Revolutionizing Fuel Cell Analysis: AI-Based Technology for Carbon Fibre Paper Microstructure
Key Ideas
- Dr Chi-Young Jung's research team at KIER developed a rapid analysis method for carbon fibre paper in fuel cells, 100 times faster than existing methods.
- The AI-based technology uses X-ray diagnostics to analyze the microstructure, enabling real-time condition diagnosis without damaging the sample.
- By training a machine learning algorithm with 5,000 images, the team achieved over 98% accuracy in predicting the 3D distribution of carbon fibre paper components.
- The study's findings not only improve fuel cell efficiency but also provide insights into design factors affecting performance, offering an ideal design plan for future enhancements.

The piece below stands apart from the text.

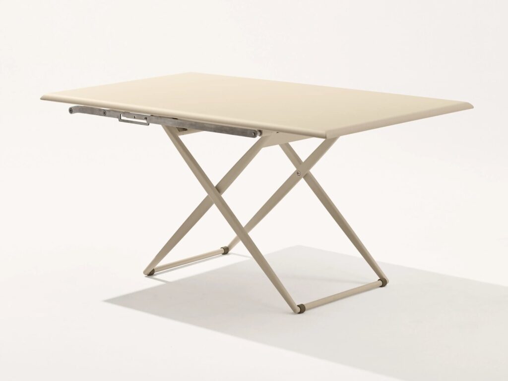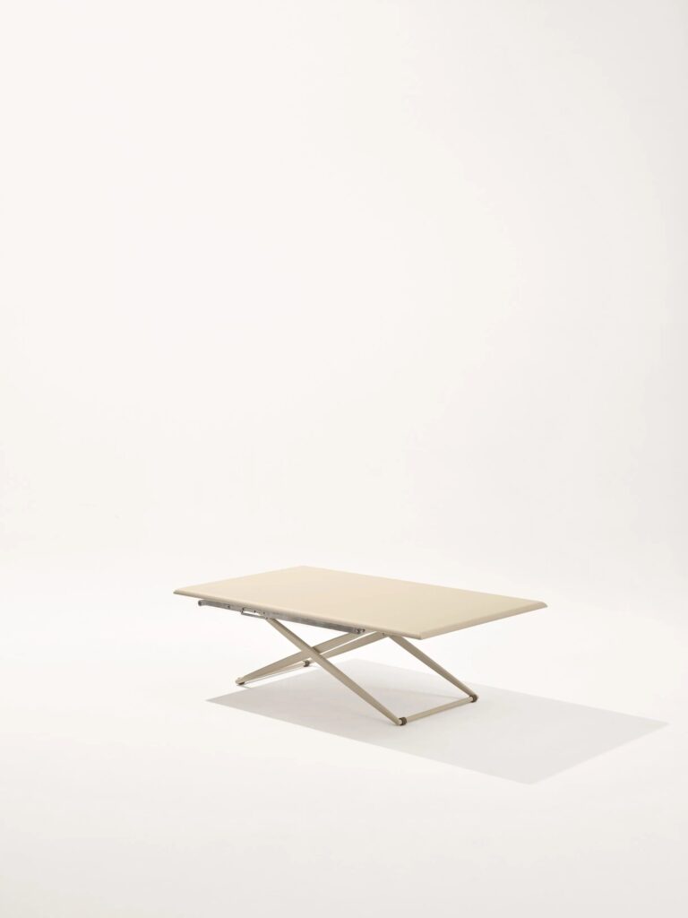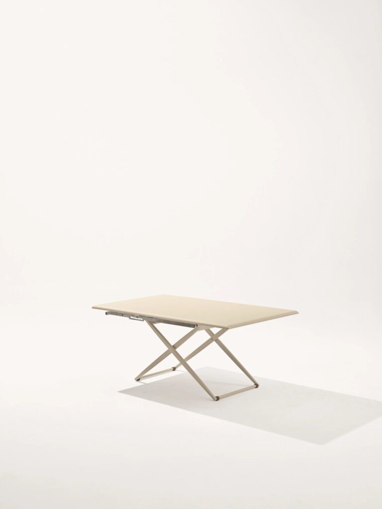 Rechteckiger Up&Down-Tisch mit 3 verstellbaren Höhen, Tisch aus lackiertem Aluminium.

Dr Chi-Young Jung and the Hydrogen Research & Demonstration Center at KIER introduced a groundbreaking technology for analyzing carbon fibre paper in fuel cells with unprecedented speed and precision. The traditional methods for assessing the microstructure of carbon fibre paper in fuel cells were time-consuming and damaging to the sample. To overcome these limitations, the research team developed an AI-based model that utilizes X-ray diagnostics to analyze the paper's microstructure in real-time without the need for electron microscopes. By training a machine learning algorithm with thousands of images, they achieved remarkable accuracy in predicting the distribution of key components. This advancement not only allows for quick identification of performance degradation causes but also facilitates the comparison of the paper's initial and current states. The study also delved into how design factors impact fuel cell performance, leading to the extraction of optimal parameters and proposing an improved design plan. Dr Chi-Young Jung emphasized the significance of the study in enhancing analysis technology and its practical applicability to various energy-related fields. Funded by KIER, the research was published in Applied Energy, marking a significant milestone in fuel cell research.